→ **Work request**:
Beginning with the line containing "Sterling Silver Dark" and going on through the line containing "Hier finden Sie", the lines below are to be returned exactly, pictures excluded and nothing added.
*** Task input Section Begins ***
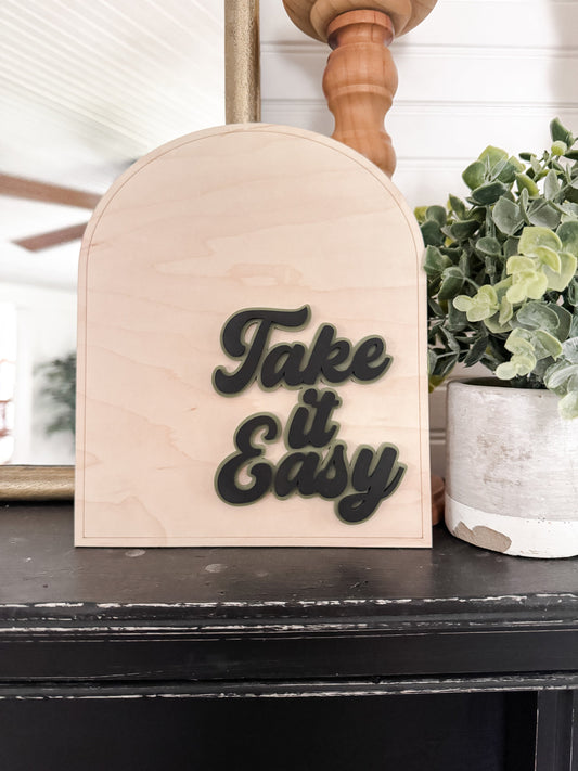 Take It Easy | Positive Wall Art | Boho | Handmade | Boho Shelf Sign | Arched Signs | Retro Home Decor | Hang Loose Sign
*** Task input Section Ends ***
*** Task input Section Begins ***
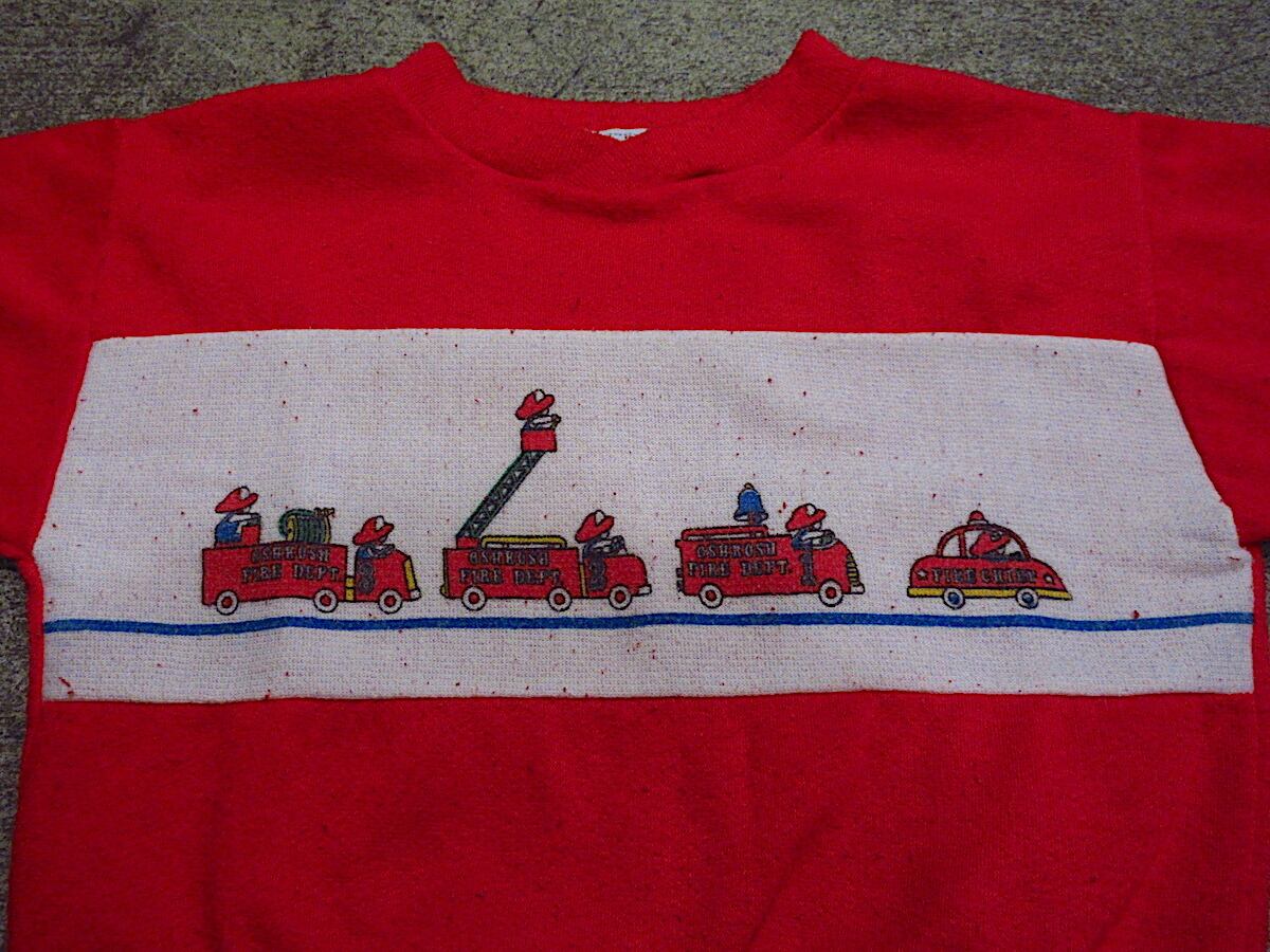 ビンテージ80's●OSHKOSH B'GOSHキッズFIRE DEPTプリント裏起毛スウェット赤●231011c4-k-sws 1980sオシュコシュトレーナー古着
*** Task input Section Ends ***
*** Task input Section Begins ***
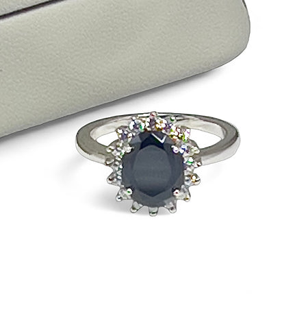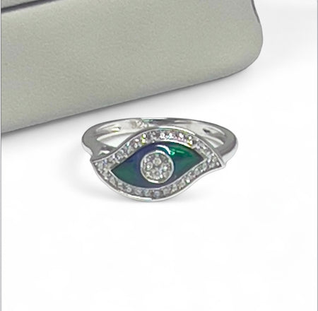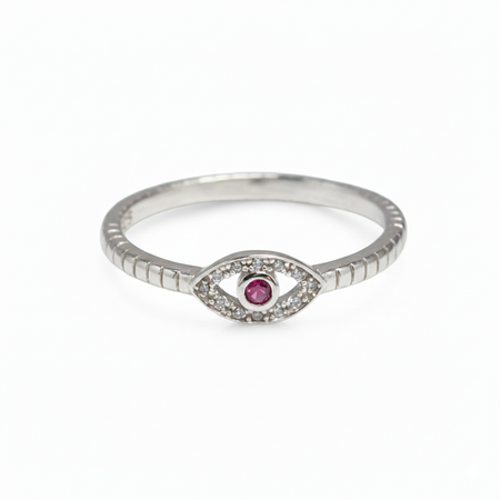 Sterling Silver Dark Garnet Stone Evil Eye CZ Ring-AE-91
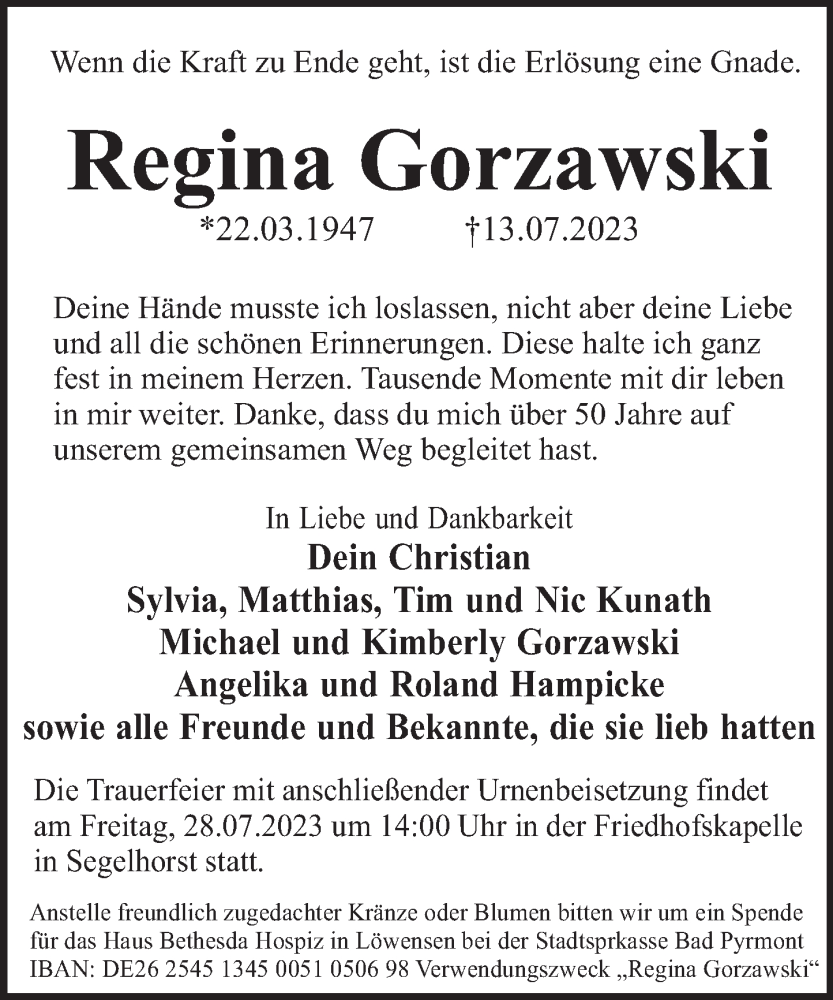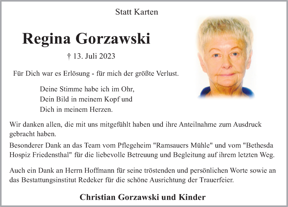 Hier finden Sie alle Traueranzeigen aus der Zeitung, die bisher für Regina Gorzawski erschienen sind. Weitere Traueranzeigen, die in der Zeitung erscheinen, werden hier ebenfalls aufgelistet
*** Task input Section Ends ***
→ **Solution to the exercise**:
 Sterling Silver Dark Garnet Stone Evil Eye CZ Ring-AE-91
 Hier finden Sie alle Traueranzeigen aus der Zeitung, die bisher für Regina Gorzawski erschienen sind. Weitere Traueranzeigen, die in der Zeitung erscheinen, werden hier ebenfalls aufgelistet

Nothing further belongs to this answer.